29th February 2020by victoriafenton0

This post is a dual post both here and on aletheiaclinics.com written by Victoria Fenton.

Be aware that this post is NOT going to be a deep dive into chiropractic – and is especially not a satisfactory or adequate insight into the very unique, highly specific and hugely impactful Gonstead system. For more on that – head to our page on physiology/chiropractic, or indeed (and perhaps better) head to the Caley Chiropractic pages on chiropractic care and on the Gonstead system specifically.


Whenever I meet a new Healthcare concept my default is scepticism. The same was true when Dr Glenn Caley of Caley Chiropractic introduced me to the Gonstead system. I wanted an osteopath – not a chiropractor. I did NOT want to be ‘clunk-clicked’. But it was a friend who connected us, so… I had to humour him, right?

My first meeting with Glenn went well – he spoke the right language about the power of the nervous system and when it is in clear communication; brain and body being able to relay messages accurately about internal and external states, and therefore appropriately respond. It was the first time a chiropractor had talked to me in a way I would talk to my patients… so I agreed to a proper appointment.

After my first adjustment with Glenn it was like a lightbulb went off in my brain/body.
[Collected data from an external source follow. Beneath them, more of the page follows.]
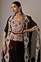 Featuring a black tiered lehenga in organza and silk base. It is paired with an organza butterfly cape having thread and sequins work, including a dupion blouse. Accentuate it with statement jewellery and heels for a bridal look.
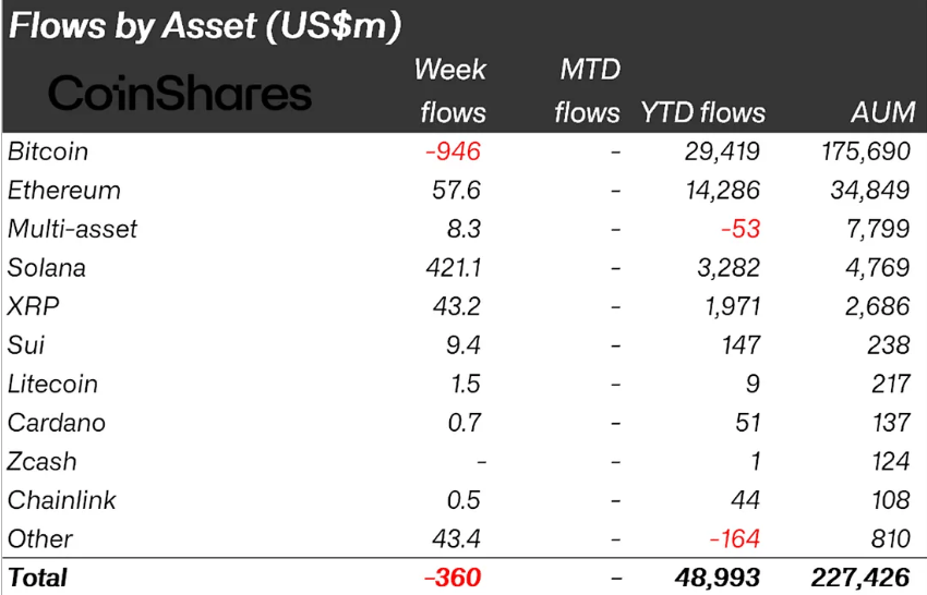 Os produtos de investimento em cripto registraram US$ 360 milhões em saídas na última semana, conforme dados do CoinShares, refletindo o tom duro do presidente do Federal Reserve, Jerome Powell, que indicou não haver garantia de novo corte de juros em dezembro. O discurso esfriou o otimismo após a redução anterior de taxas e trouxe cautela ao mercado — especialmente nos EUA, que responderam por US$ 439 milhões das retiradas, concentradas em ETFs de Bitcoin (US$ 946 milhões).
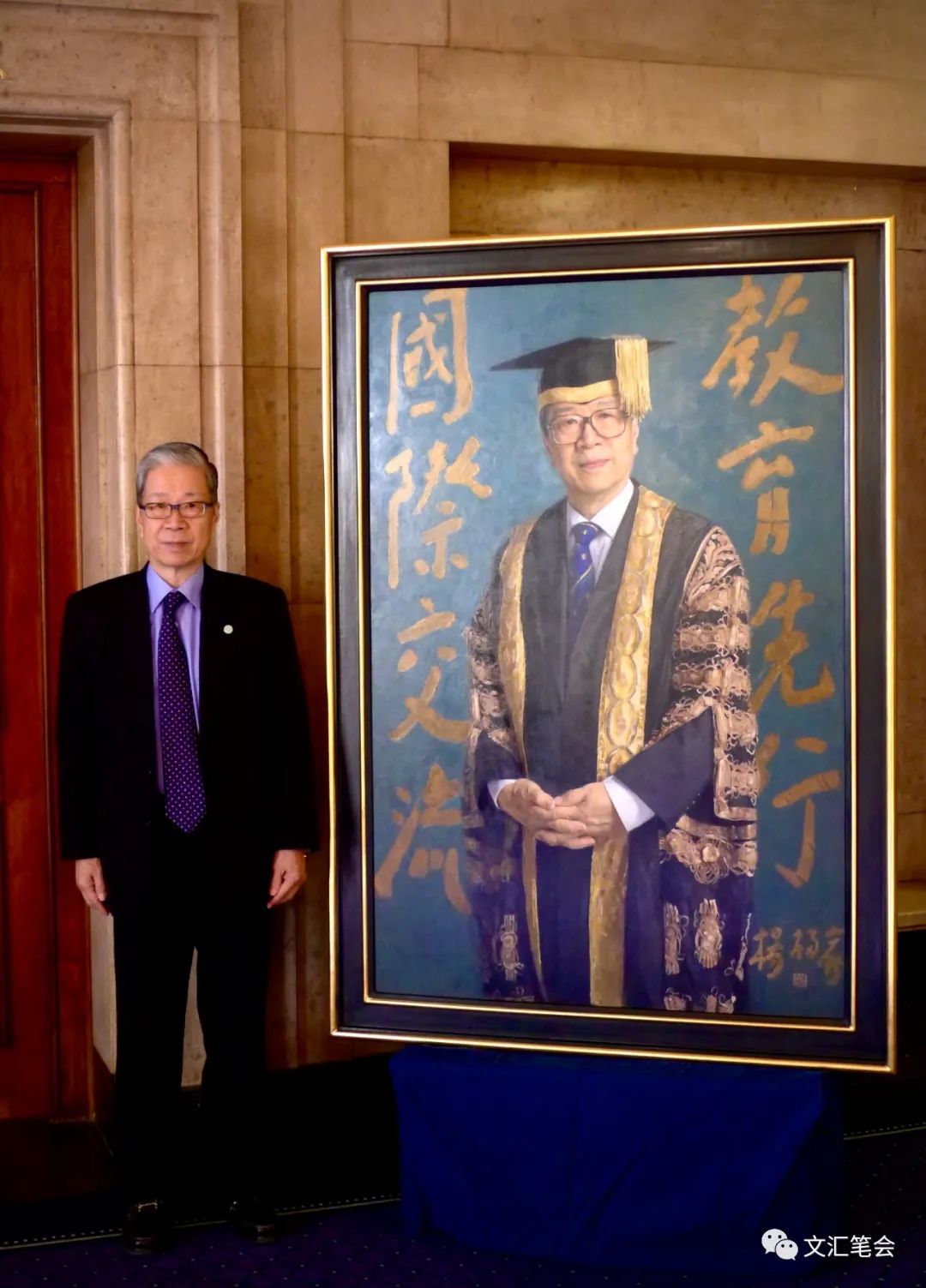 舅舅在诺丁汉大学任职整整十二年,超过他在复旦的任期。按诺丁汉大学的校规校长任期不能超过两届,学校为他专门修改了校规。他任职期间,在校召开了世界中药联盟大会、成立了中国政策研究院,特别是在我们故乡宁波开办了中国第一所中外合作办学的宁波诺丁汉大学。而鉴于他对诺丁汉大学的贡献,学校将校园里最漂亮的一栋楼——由英国著名建筑师Ken Shuttleworth设计的大楼——命名为“杨福家楼”,并请了英国皇家人像画家协会会员Keith Breeden耗时三年,完成了一幅杨福家校长的巨制,肖像画的底板衬着杨福家亲笔书写的八个大字:“国际交流、教育先行”(下图)。这幅巨型肖像画将永远悬挂在诺丁汉大学的纪念堂里。由于一个人,而使中国的形象、中国的声音、中国的文化,得到如此广泛与深刻的传播,既极为难得,又意义深远。在所有传播力中人是最强大的传播力,中国屹立于世界民族之林需要无数个杨福家!
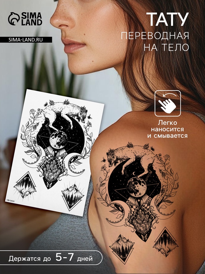 Переводные тату на тело цветные «Девочка с волком», 21×14.8 см

I knew that this was actually something.

But anyone who knows me knows that whilst I completely accept the feeling and the energetic resonance of something, I also know that there must be an evidence base, or a scientific explanation – or at the very least, some kind of validation of what I experience. This evidence-base is actually not for me – I tend to just feel things and trust. But for other people it matters – and for the patients who I knew I was going to want to refer to get the kind of chiropractic support that I had – I really wanted to be able to say something beyond “go – it feels right – trust me” (though bless all my patients, they tend to take this type of guidance anyway!!)

But – with this Gonstead Chiropractic system I’d been introduced to – I did what I always do when something captures me: I bought every book that I could find and I researched the s**t out of it.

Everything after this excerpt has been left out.